“Bosseide. La fascinazione del male” è il titolo del nuovo romanzo scritto dal giornalista napoletano, Nando Vitali, che “ripropone il tema del male attraverso la storia di un padrino della camorra”.
Comincia così a descrivere che cosa è per lui Bosseide, nella nostra corrispondenza.
Il mondo, oggi, si muove via etere. E capisci che anche le parole non si perdono più.
Quando intervisti uno scrittore, di solito, è l’assistente a chiamarti, per poi passartelo dopo qualche convenevole. Trovarsi, invece, Nando dall’altra parte del mondo che scrive per te su una tastiera di un pc, senza intermediazioni di santi né supereroi, fa un certo effetto.

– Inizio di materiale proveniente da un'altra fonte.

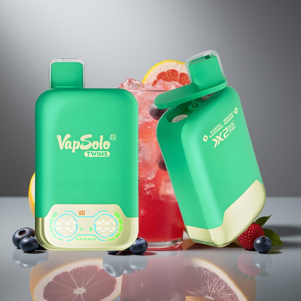Vapsolo Twins 20000 Puffs Disposable Vape Blauwe Bes Zwarte Bes & Grapefruit Verfrisser – 40 ml E-Liquid, Type-C Opladen, 2 Tanks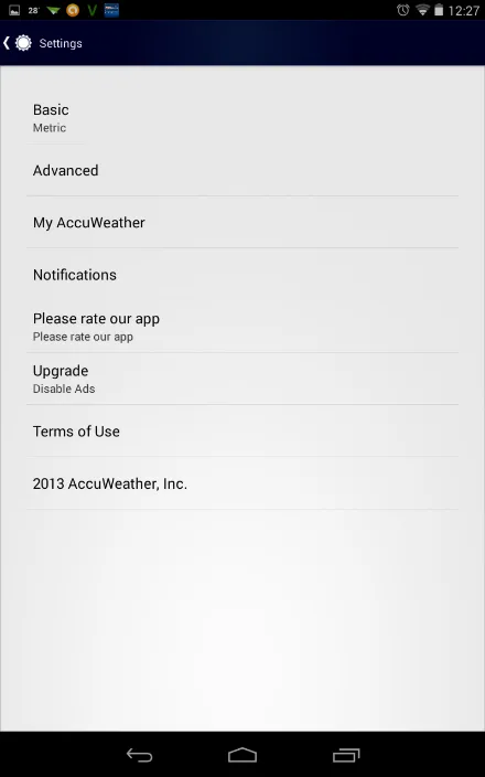 Để thêm vào một vị trí mới, bạn nhấn vào tên của vị trí hiện tại ở góc trái và chọn Add Location. Mặc định AccuWeather sẽ sử dụng độ F làm đơn vị hiển thị nhiệt độ, nếu muốn thay đổi, bạn di chuyển vào phần Settings > Basic > Metric. Tương tự như vậy, các mục còn lại như Advanced sẽ cho phép bạn thay đổi những đơn vị tính toán về sức gió, vận tốc, định dạng ngày giờ và nhiều thứ khác.

Gentile. Da sembrare quasi un vizio.
Ma capisci che non lo è, quando si preoccupa per davvero del suo ritardo di un giorno. Di un solo giorno. Nel risponderti.

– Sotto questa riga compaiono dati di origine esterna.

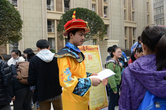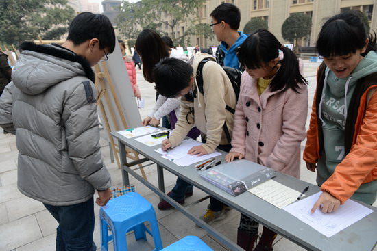 (巴蜀网  胡婉青  李林)乘着艺术节的东风,12月4日,我校在黄花园校区举行了社团招新活动。在活动上,《巴蜀风》文学社、爱心社、广播站等20余个社团尽展社团魅力。

L’aspetto con ansia ed emozione.
Mi piace da sempre il suo stile. Che avrei voluto averlo come maestro. E farci lezione.
L’intervista arriva di domenica. Poco prima della presentazione del suo libro alla Feltrinelli, di Piazza dei Martiri, a Napoli, dove – il prossimo giovedì 26 marzo – interverranno con l’autore Francesco Costa, Antonella Ossorio e Silvio Perrella, Piero Antonio Toma(coordinatore), Adele Pandolfi (lettura).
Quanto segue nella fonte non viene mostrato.